The Serbian national competition authority (NCA) has started its second Phase II merger probe of the year – this time in the steel industry.

Who are the parties to the transaction?

The acquirer in the transaction is Kingspan Holding Netherlands B.V., a company of Ireland-based Kingspan Group. The group is active in production and distribution activities throughout Europe, the Far East and the United States. It produces sandwich panels, insulation, lighting and air solutions, water and energy technologies, and data and floor technologies.

The targets are five companies of the steel division of the Romanian company TeraPlast S.A.: TeraSteel S.A. (Romania), TeraSteel d.o.o. (Serbia), TeraSteel Slovakia SRO (Slovakia), Wetterbest SA (Romania), and Cortina WTB SRL (Romania).

How are the parties present in Serbia?

Kingspan Group is in Serbia active through its subsidiary Kingspan d.o.o. Beograd, active in the wholesale of foam sandwich panels and mineral fiber sandwich panels.

On the other hand, the target is in Serbia present through its subsidiary TeraSteel d.o.o. which, apart from wholesale, is also active in the production of foam sandwich panels, mineral fiber sandwich panels and single-layer construction sheets.
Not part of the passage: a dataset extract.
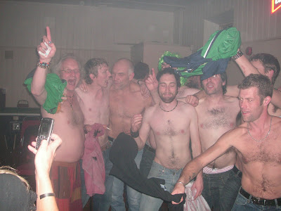As we continued to dominate proceedings in the wee club, we filled the dancefloor with green and the DJ played whatever hits we wanted, it even culminated with me joining Tim Beattie for an embarrassing duet of Take That’s “Back For Good.” Despite my closeness to Tim, I hope never to have his lipstick marks still on my coffee cup. Before this we had Owen’s mate Carlo on vocals singing “Don’t You Want Me Baby?” We all agreed that Carlo’s performance was indeed the best of the night, at least he could sing a bit. A few songs later and we were doing a “gay disco” in the club. If you check the photos on this blog post, you will notice how many NON – SOENISC members actually got their kit off for the “Gay Disco.” A shocking amount of testosterone was on view for those Cowes ladies lurking nearby. Even Ed “Colin Murray” Gladdis got his top off. I think this was probably the beginning of the end for the “gay disco” within SOENISC, it really isn’t healthy or cool any more. Soon we noticed that the host himself Alex IOW Army Higgins had called it a night as he had overdosed on the old booze like the resty us.

What is the relevant market here?

In the merger notification, the applicant proposed two relevant product markets: 1) production and wholesale of foam sandwich panels and 2) production and wholesale of mineral fiber sandwich panels. The NCA seems inclined to accept such definitions.

On the other hand, the NCA and the applicant seem to have different views on the geographic dimension of the relevant market – while the applicant has proposed a regional relevant market, the NCA appears to be sticking to its established position that the relevant geographic market cannot be wider than national.
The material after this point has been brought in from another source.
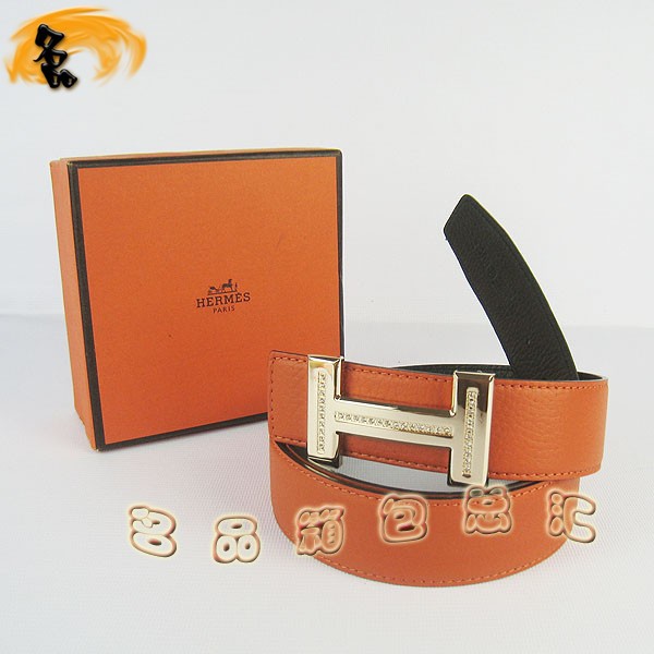- 449 最新款愛馬仕皮帶 Hermes皮帶 Hermes腰帶 荔枝紋橙配黑 金扣(帶鉆)3.8cm

How serious is the horizontal overlap between the parties?

According to the NCA’s preliminary findings, which led it to the initiation of the Phase II, the overlap between the parties is significant.

Specifically, prior to the transaction, the acquirer and the targets each have a market share in Serbia of 20-30% and post-transaction the combined share will exceed 40%.

The NCA has also noted the transaction would bring about a significant change in the market structure, making the market highly concentrated. In this context, HHI pre-transaction is 1,771 points and post-transaction would be 2,943 points, which is a change of 1,173 index points.

Key takeaway

The Serbian NCA does not open Phase II investigations often – this is only the second such probe this year. During the entire 2019, there were three such in-depth proceedings.

Based on its previous practice, it is unlikely the NCA will prohibit the planned takeover. It is, however, possible that the parties will need to come up with commitments which would be sufficient for the NCA to clear the transaction.